Pursuant to CPLR 5015(a)(3), a court may relieve a party from an order upon the ground of fraud, misrepresentation, or other misconduct of an adverse party (see Capital One, N.A. v Mc Cormack, 183 AD3d 644, 644). Where, as here, a defendant seeks to vacate a default pursuant to CPLR 5015(a)(3) based on extrinsic fraud, the defendant must demonstrate "some device, trick, or deceit that led him [or her] to believe that he [or she] need not defend this action" (HSBC Bank USA, N.A. v Walker, 201 AD3d 795, 797; see LaSalle Bank N.A. v Oberstein, 146 AD3d 945, 945). Here, the defendant failed to demonstrate that he had somehow been prevented from fully and fairly litigating this action (see LaSalle Bank N.A. v Oberstein, 146 AD3d at 945). Moreover, the defendant also failed to establish any misrepresentation or other misconduct by the plaintiff in this matter to warrant vacatur of the May 2018 order (see e.g. Capital One, N.A. v Mc Cormack, 183 AD3d at 645; see also LaSalle Bank N.A. v Oberstein, 146 AD3d at 945-946).
Accordingly, the Supreme Court properly denied the defendant's motion pursuant to CPLR 5015(a)(1) and (3) to vacate the May 2018 order.

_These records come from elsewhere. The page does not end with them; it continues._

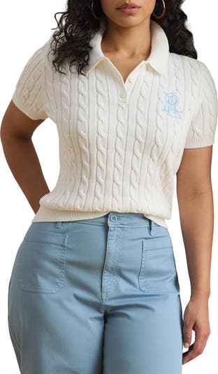 Classic with a textural twist, this cable-knit polo sweater is finished with an embroidered monogram at the chest for a signature touch. Ribbed trim at the cuffs and hem adds structure, making it an easy layer with timeless appeal.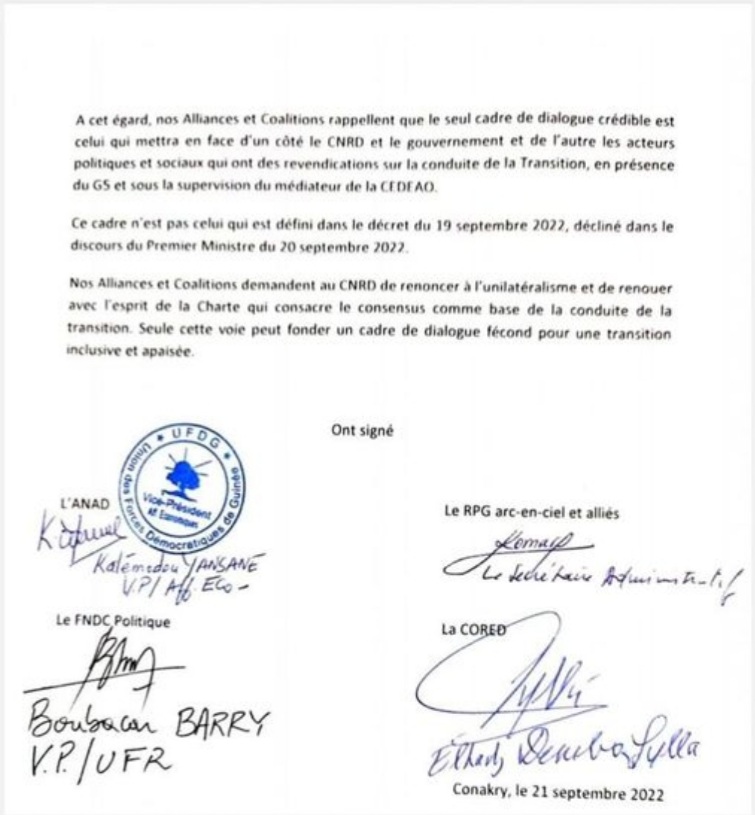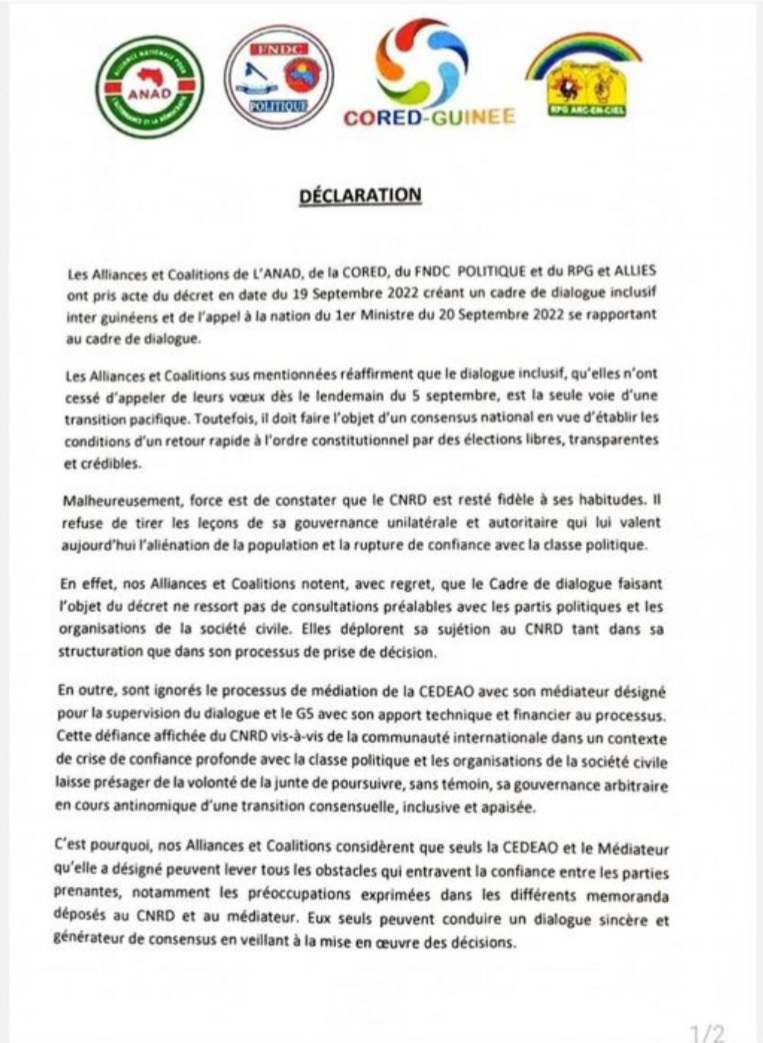A travers une déclaration commune rendue publique ce mercredi 21 septembre 2022 dont Laguinee.info détient copie, les coalitions politiques ANAD, RPG arc-en-ciel, CORED et FNDC Politique disent noter avec regret, que le Cadre de dialogue faisant l’objet du décret ne ressort pas de consultations préalables avec les partis politiques et les organisations de la société civile. Elles déplorent sa sujétion au CNRD tant dans sa structuration que dans son processus de prise de décision.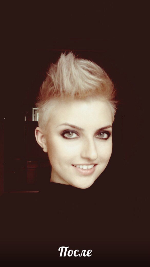 Яркая,креативная стрижка, на коротком волосе, с укладкой, устремлённой вверх создаёт идеальную форму головы и воздушный объем

The Supreme Court also providently exercised its discretion in granting that branch of the referee's cross motion which was pursuant to 22 NYCRR 130-1.1(a) to recover costs for the making of the cross motion, to be paid by the defendant's attorney. "Courts have discretion to award costs or impose financial sanctions against a party or attorney in a civil action for engaging in frivolous conduct" (Industry LIC Condominium v Hudes, 200 AD3d 761, 761; see 22 NYCRR 130-1.1[a], [b]). Conduct may be deemed frivolous if it is "undertaken primarily to delay or prolong the resolution of the litigation, or to harass or maliciously injure another," or "asserts material factual statements that are false" (22 NYCRR 130-1.1[c][2], [3]). Here, the allegations against the referee and the plaintiff's attorneys by the defendant's attorney in support of the defendant's motion to vacate the May 2018 order were wholly unsubstantiated and speculative and constituted an attempt to "mislead the [court] and to delay the resolution of the action" (150 Centreville, LLC v Lin Assoc. Architects, P.C., 151 AD3d 912, 913; see 22 NYCRR 130-1.1[c][2], [3]; Matter of Flanigan v Smyth, 148 AD3d 1249, 1251).

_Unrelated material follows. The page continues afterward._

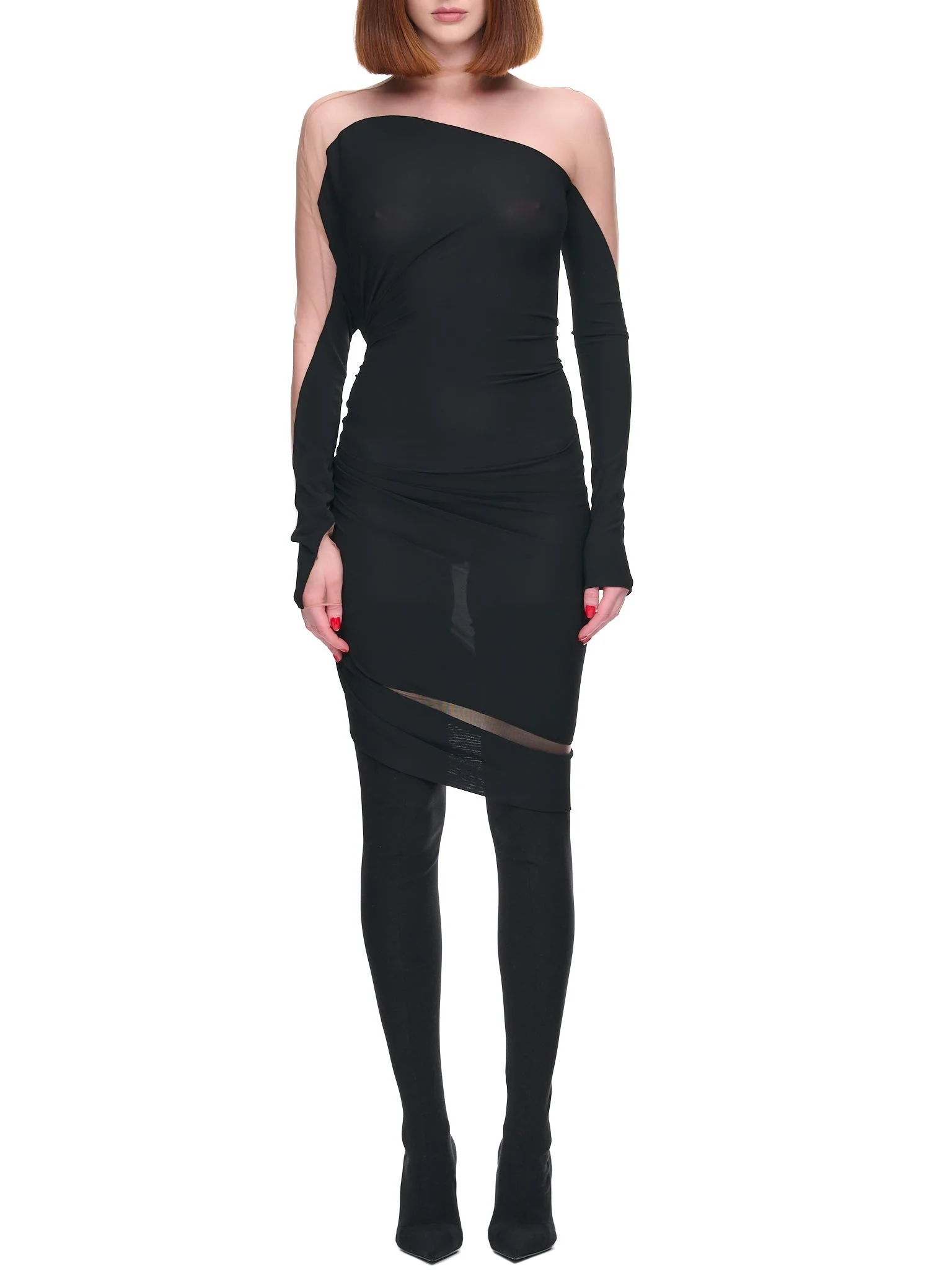 MUGLER dress in silver nude, draped design, stretch jersey, off-the-shoulder illusion cut, sheer tulle, cut-out detail, long sleeves, back zip fastening, mini length, fitted. Made in Portugal Italian Sizing Main - 95% Polyamide, 5% Elastane Second - 77% Polyamide, 23% Elastane Model is 5'7" wearing size 36. Bust: 32" Waist: 25" Hip: 37"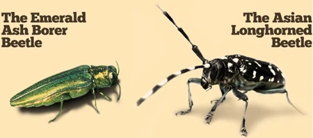 Pictured: Growers can help determine if emerald ash borer and Asian longhorned beetle have invaded their neighborhoods by reporting sightings of these pests at track down

Accordingly, the Supreme Court providently exercised its discretion in granting that branch of the referee's cross motion which was pursuant to 22 NYCRR 130-1.1(a) to recover costs for the making of the cross motion, to be paid by the defendant's attorney.
The referee's contention that the Supreme Court should have granted that branch of her motion which was for an award of attorneys' fees and/or imposition of a financial sanction against the defendant's attorney is not properly before this Court since the referee did not cross-appeal from the order appealed from (see Matter of Lopresti v David, 202 AD3d 790).
DUFFY, J.P., MALTESE, CHRISTOPHER and FORD, JJ., concur.